As Imperial Premier, Cydonius' West-Politik effort during his second and third stints was to bring about a reconciliation of the Byzantine and Roman Churches, in order to cement a military alliance against the ever-encroaching Islam, a program that culminated in Emperor John V Palaiologos' reconciliation with Catholicism. His younger brother and somewhat-collaborator in his efforts was the noted anti-Palamite theologian Prochoros Kydones.
Cydonius was initially a student of the Greek classical scholar, philosopher and Palamite Nilos Kabasilas. Emperor John VI Kantakouzenos, a staunch follower of Palamism, the Hesychast or Quietist doctrine of Gregory Palamas, had befriended Demetrius Cydonius as a young man and had employed him as his Imperial Premier or Mesazon (1347–1354) at the age of 23; at the Emperor's request, Cydonius began to translate Western polemical works against Islam, such as the writings of the Dominican Ricoldo da Monte Croce, from Latin into Greek, and which the Emperor John VI Kantakouzenos used as references in his own writings against Muhammad and Islam (although his own daughter was married to the Turkish Muslim Emir Orhan of Bithynia). At Emperor John VI Kantakouzenos' urging, Cydonius acquired knowledge of Latin, and learned to speak, read and write it well. This prompted Cydonius to a deeper learning of Latin theology, particularly St. Thomas Aquinas, and he attempted to introduce his compatriots to Thomistic Scholasticism by translating some of Aquinas' writings into Greek. John VI Kantakouzenos also encouraged him in his Latin studies and he himself read some Thomist literature. However, this put Demetrius Cydonius on a journey that eventually ended with his conversion to Catholicism.

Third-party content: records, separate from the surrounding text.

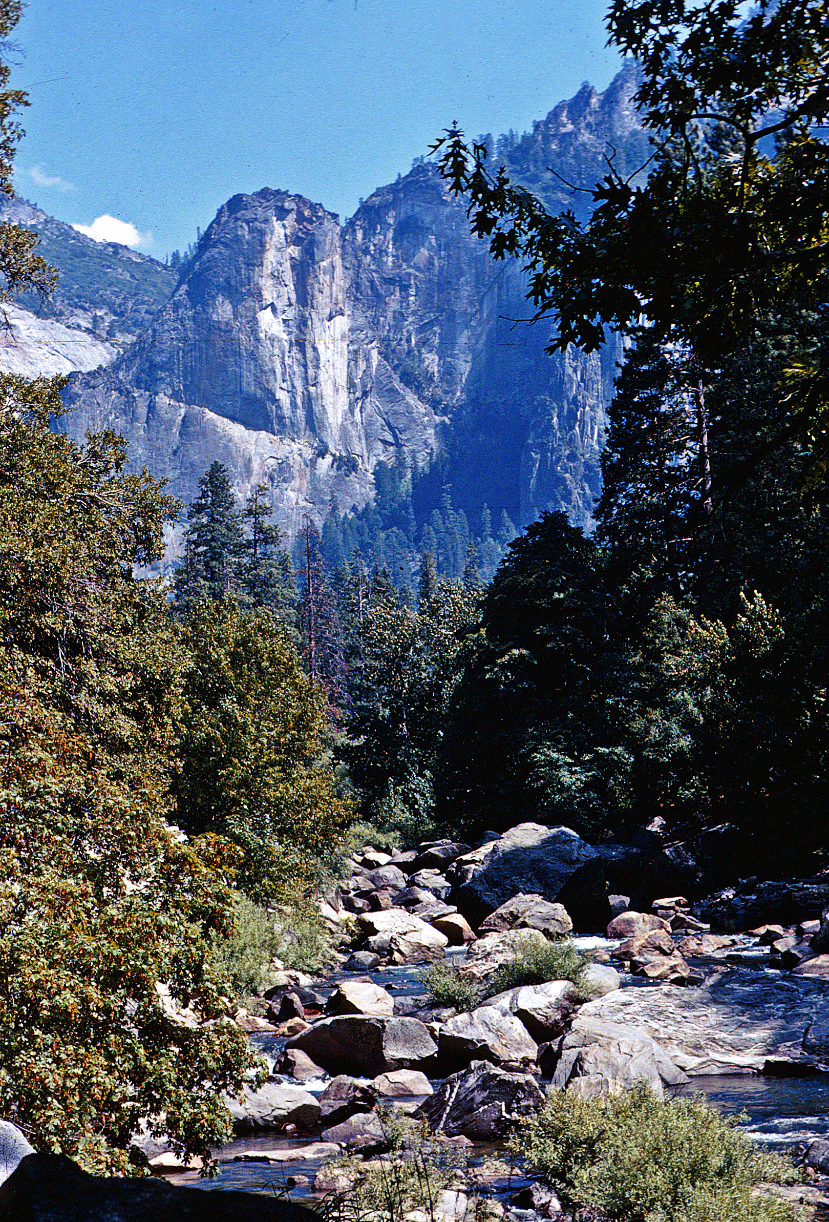 Taken from a trail in Yosemite National Park. 35MM Kodacolor film.
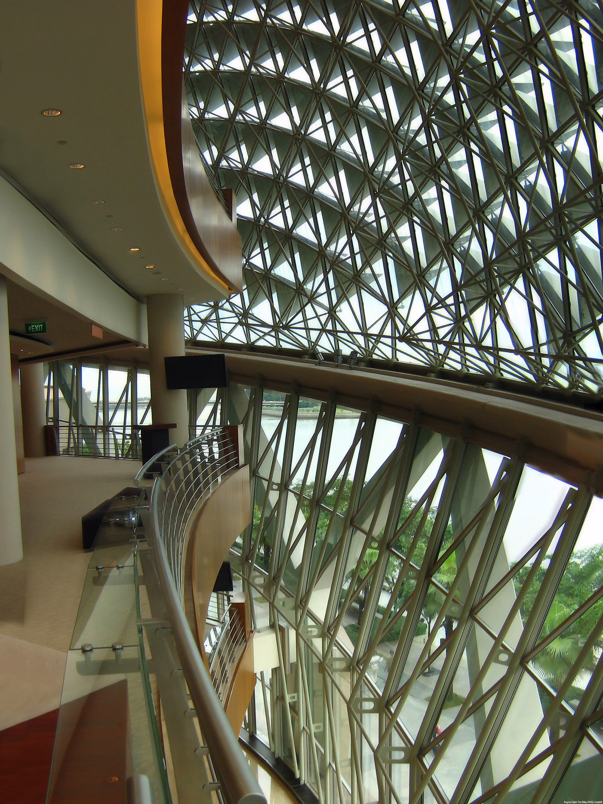 Interior of Esplanade - Theaters on the bay, Singapore Circle 2 Reception area of the Esplanade Concert Hall Img by Calvin Teo, May 2006
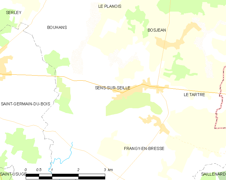 Map of French municipality

Anxious to concentrate on his Latin studies, Cydonius retired for a time to private life from the Imperial Premiership in 1354, just before John V Palaiologus succeeded in ousting John VI Kantakouzenos. When Cydonius entered the service of Emperor John V Palaiologos, as he soon did, he remained friendly to his former employer Emperor John VI Kantakouzenos. On the other hand, he found himself unable or unwilling to follow John VI Kantakouzenos into his Palamism, preferring the more logical and intelligible Thomism.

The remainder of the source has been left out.